Ion Torrent: Hype cycle status "disillusionment"

I'm as guilty as anyone about buying into the hype. When I labelled the Ion Torrent an "agile gazelle" earlier this year, a reader admonished me for not being skeptical enough. Well, he was right, I was wrong. The tediously useful hype cycle has come into play and we've hit disillusionment rather earlier than expected with Ion Torrent.

I heard the launch specs for Ion Torrent in November at the ELRIG meet-up in Hinxton. The information we got there was that the shipping "314" chip would permit 100k reads of 100 bases length, i.e. 10 megabases per run. To put that in perspective, it's 1/40th of a 454 run or 0.00005 of a HiSeq run. This is disappointing for those who, like me, had believed 100-200 megabases was going to be the shipping specification, useful enough for bacterial genomics. 10 megs is useful pretty much only for amplicons and viral genomes.

Even more of a blow to this instrument's prospects is the sample preparation workflow - once shrouded in secrecy - this turns out to be virtually identical to 454's. That means fragmentation, adapter ligation and amplification using a bead-based emulsion PCR stage. This is a major hassle and makes a mockery of the instrument's 2 hour run time. A 454 only takes 8 hours to run but the user is tied up for days making libraries. The Ion Torrent, like the 454 will therefore be idle most of the time. Some of this can be improved by automation, but the presently available automation solutions cost more than the Ion Torrent!
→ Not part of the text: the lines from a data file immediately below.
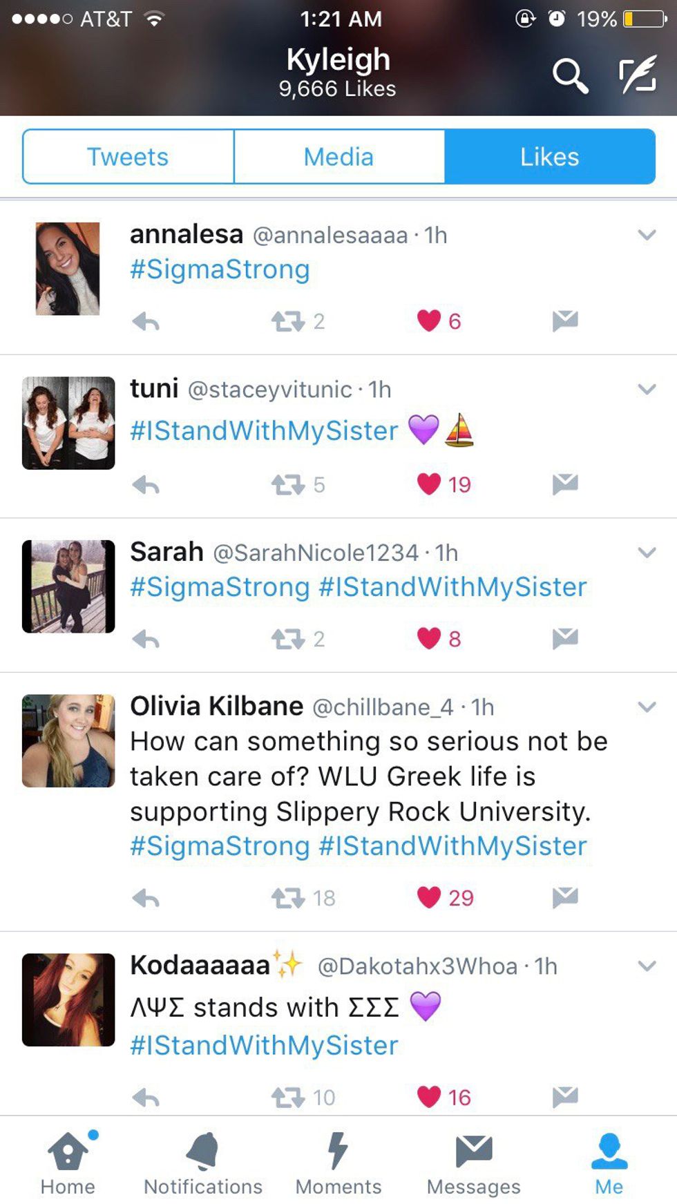 Sororities not only from SRU, but West Liberty University, Marshall University, WV Wesleyan College, University of Akron, and Marietta College have all adopted the hashtags to show support.
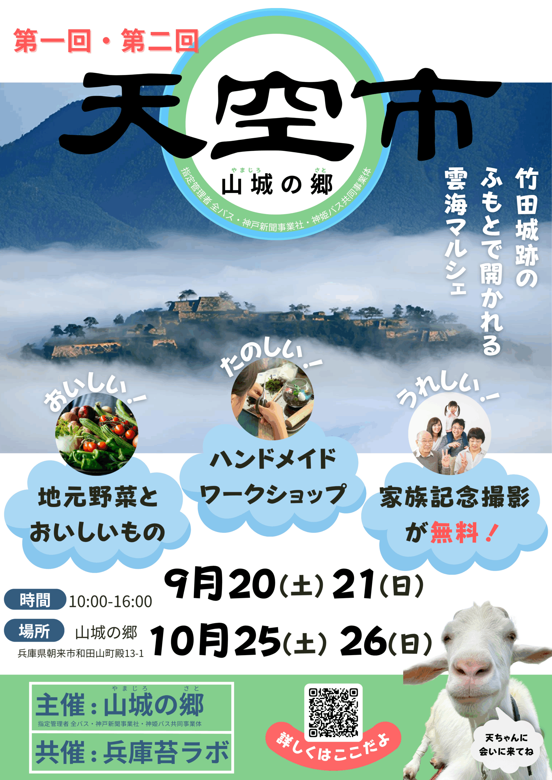山城の郷(兵庫県朝来市和田山町殿13-1) 天空市 公式サイト: https://peraichi.com/landing_pages/view/takeda-marche/ |
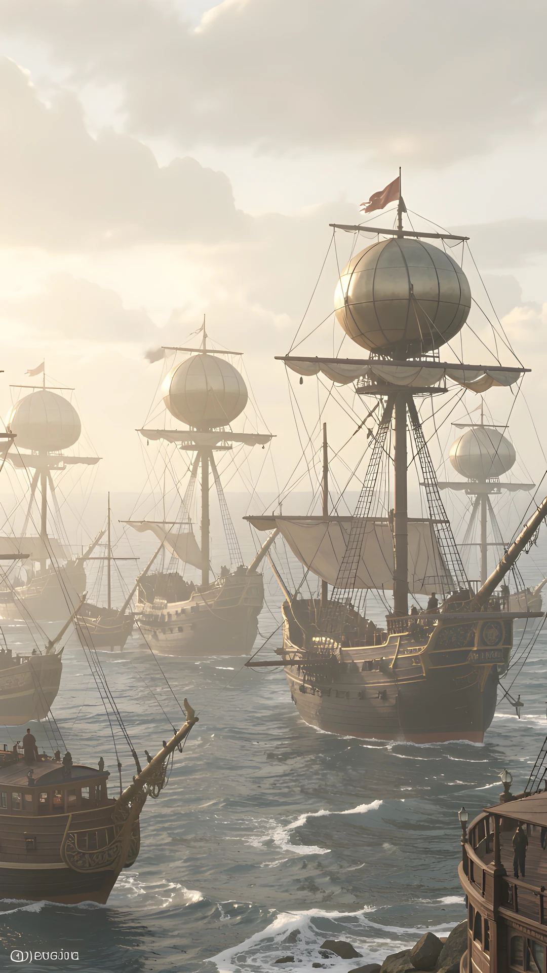 airship diffused fleet light soft sunlit victorian
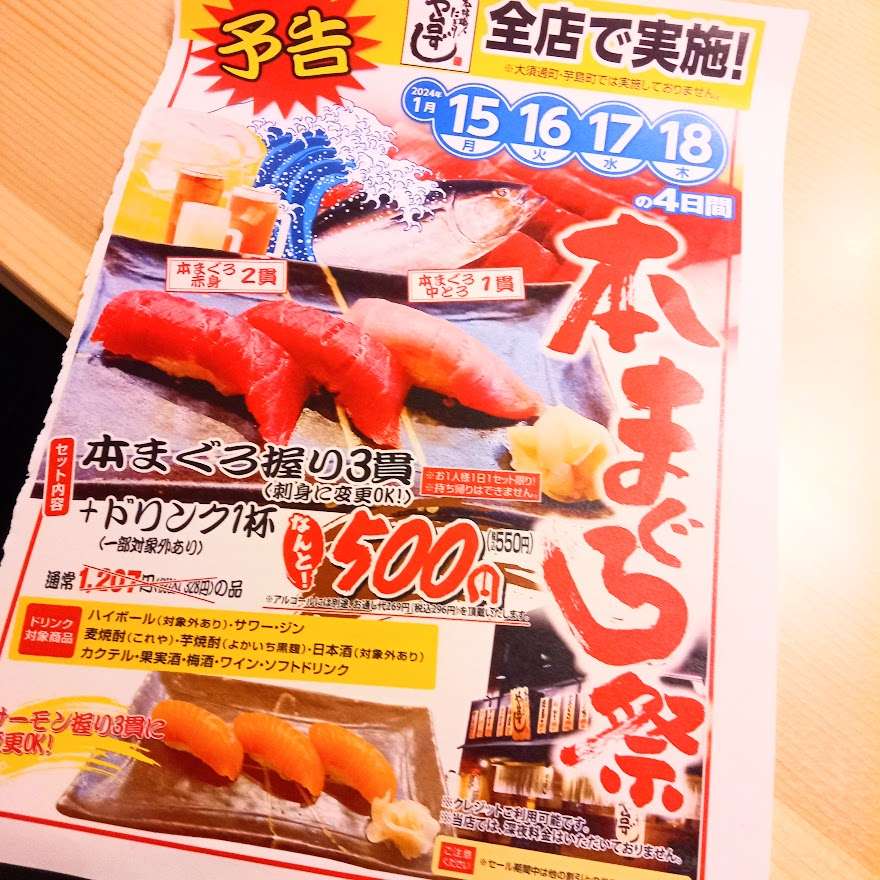 今年は、「本マグロの握り3貫」+ドリンクで500円!

Rothberg explains this away "If it takes a machine two weeks to sequence [a genome], it doesn’t matter if the sample prep takes 1.5 days. But if you’re getting sequence in two hours, it does!”, conveniently forgetting the 454, his own invention! Is it significant that 454 has had no major innovations for 2 years now, still generating 400-600Mb and 1m reads. Let's hope the chip can outperform the 454 optics -based system.

Lastly, and not surprisingly, the instrument suffers the same "read-forward" issues as 454 which means homopolymers can't be called accurately, and the reads are full of indels. This is inevitable with a flow-based approach. When questioned on whether Ion Torrent performed worse or better than with 454 in this regard, I got a "no comment".
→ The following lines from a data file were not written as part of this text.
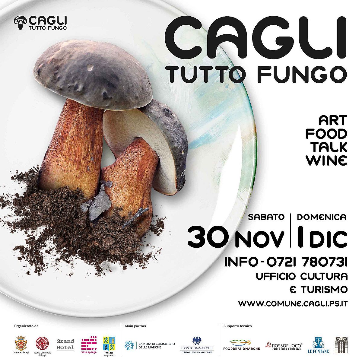 Cagli Tutto Fungo è una iniziativa ideata dal Comune Di Cagli progettata in collaborazione con l’artista Giovanni Gaggia, con il critico enogastronomico Antonio Paolini e con l’Associazione Pro Loco di Acquaviva, organizzata dall’Associazione Culturale Grand Hotel e Casa Sponge APS, main partner Camera di Commercio delle Marche e Confcommercio Pesaro e Urbino/Marche Nord, con il supporto tecnico di Food Brand Marche e Rossofuoco forni a legna e barbecue.
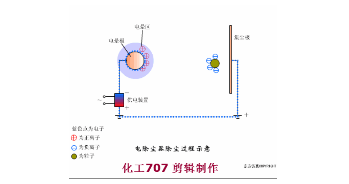含有粉尘颗粒的气体,在接有高压直流电源的阴极线(又称电晕极)和接地的阳极板之间所形成的高压电场通过时,由于阴极发生电晕放电、气体被电离。此时,带负电的气体离子,在电场力的作用下,向阳板运动,在运动中与粉尘颗粒相碰,则使尘粒荷以负电,荷电后的尘粒在电场力的作用下,亦向阳极运动,到达阳极后,放出所带的电子,尘粒则沉积于阳极板上,而得到净化的气体排出防尘器外。
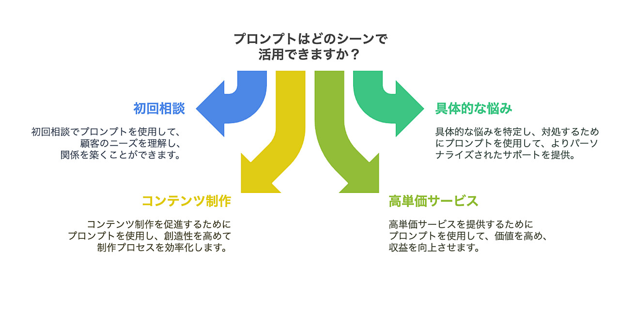 このプロンプト集は、その掛け合わせを最大化するために厳選された実践的ツールです。これからの恋愛アドバイスビジネスで成功するための必須アイテムと言えるでしょう。
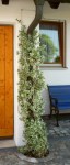 Густой, ползучий кустарник, некоторые побеги слегка подняты вверх, может подниматься по опоре. В европейских странах этот кустарник вполне обычен, его часто можно увидеть на улицах городов, в скверах и частных садиках. Чудесные вечнозеленые ковры, очаровательные куртинки и бордюрные ленты – все это способен создать бересклет Форчуна, вечнозеленый зимостойкий стелющийся кустарник. И хотя наши ландшафтные дизайнеры всё чаще применяют это растение для создания чудесных композиций, дачники в силу малой осведомлённости о его качествах, не балуют его вниманием, оставляя выбор за более распространёнными кустарниками. Между тем, данное растение очень зимостойко в садах средней полосы и вполне способно внести свой шарм в создание уютного сада. Высота 0,3-0,4 м, ширина 0,3-0.8м. Листья зеленые с белой каймой, зимой кайма белая или малиново-розовая, кожистые, блестящие, 2-4 см длиной. Корневая система поверхностная, разветвленная, очень чувствительна к уплотнению почвы. Зимует без укрытия в садах средней полосы. Хорошо переносит стрижку. Местоположение: солнце, полутень. Почва: к почве не требователен, но лучше растет на плодородных, рыхлых, хорошо дренированных почвах с нейтральной реакцией. В ландшафтном дизайне - чрезвычайно универсальное растение. Можно высаживать в качестве декоративных живых изгородей или как наземный вечнозеленый ковер. Может подниматься на стволы деревьев в качестве вертикального озеленителя, стены или деревянные лестницы на подобии лозы.

Specs are supposed to improve with the announced but unavailable "316" chip which is supposed to bring output up to 100 megabases. But despite the promises of infinite scaleability through semiconductors, the launch spec is poor.  It is instructive that the 314 chip has 1.4m "sensors" but that this doesn't yet seem to translate into read count. Is the argument for semiconductor scaleability fragile?
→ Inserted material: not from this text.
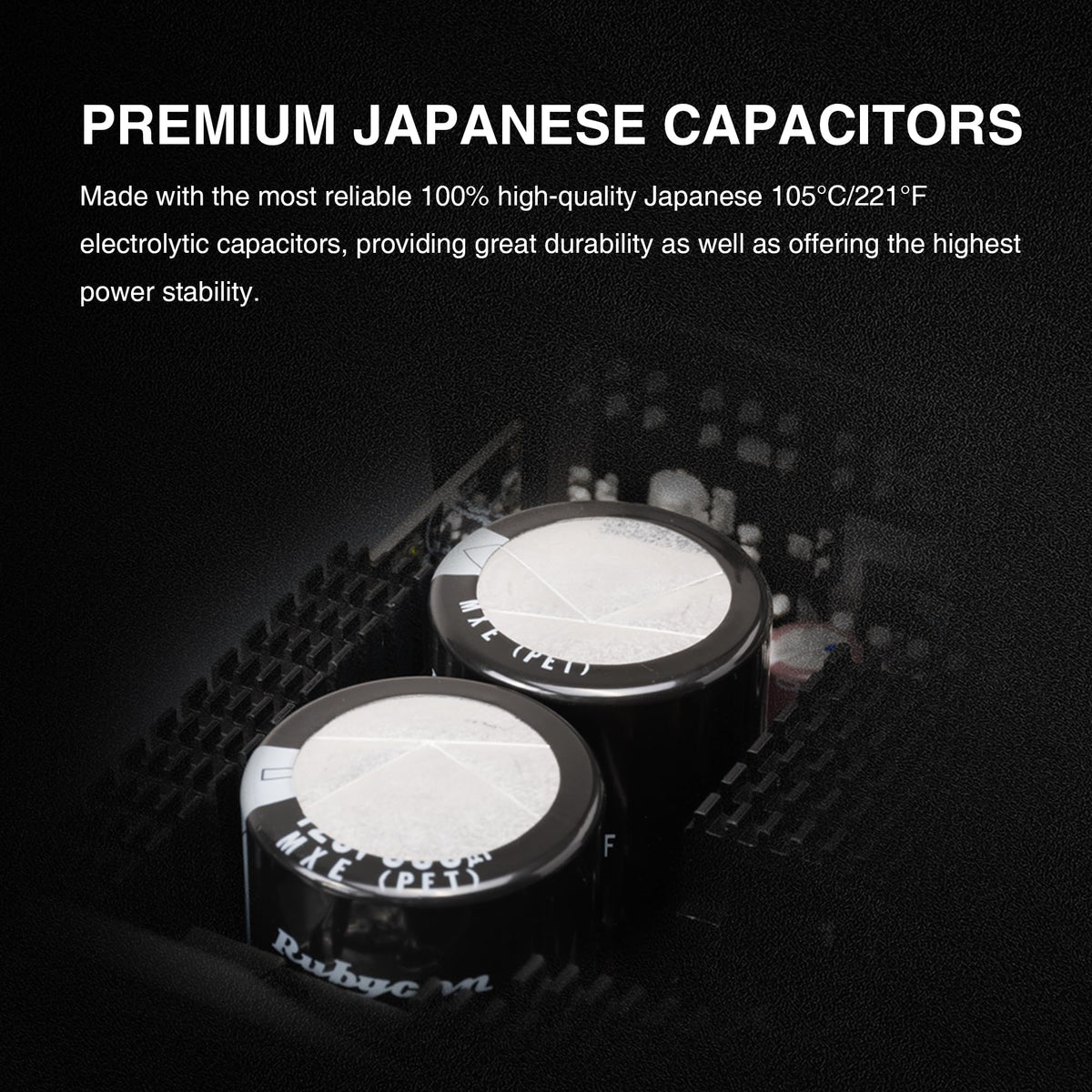 Q: What type of capacitors are used in the GAMDIAS HELIOS P2-1000G?A: The HELIOS P2-1000G is built with 100% high-quality Japanese capacitors rated for 105°C/221°F, ensuring great durability and the highest power stability for your gaming PC.

Anyway, turned out I didn't need to blog on this because Life Tech have publicised the limitations of their technology themselves, in the form of their $7M contest to "democratise" sequencing. The plan is to outsource the technical development to the community. This is a genius move - if it works - if these 3 drawbacks can be fixed quickly (and so cheaply) then the machine has a great future ahead of it.

But I would urge caution for those people thinking of taking part -  the market value of your successful invention will be greater than the prize money on offer! Maybe you can sell it to Roche who desperately need to overcome the same problems with the 454!

Remember Solexa was sold to Illumina for $600m because of the genius of their solid-surface cluster based DNA chemistry. That genius has permitted Illumina to comprehensively beat Moore's Law since the introduction of their technology, scaling greater heights daily (at ELRIG, they announced a ~400Gb run from a HiSeq!).

I love the idea of out-sourcing method development to the community, its very zeitgeisty and Web 2.0. But the community should get a cut of the profits, not a cash prize. Although (as far as I can see) the T&Cs have not been published yet, you can bet that Life take ownership of the intellectual property. Please correct me if I'm wrong, Life Tech!

There's also a worry here, don't Life Tech have a solid roadmap to juice throughput, improve sample workflow and reduce error rates? Alarm bells are sounding.

In the meantime, the jury is out for the Ion Torrent. It's got a great price tag at $50k, but a lot of problems need to be overcome quickly.

What do you think? Is this helping democratise sequencing, or is it a cynical tactic to get cheap R&D?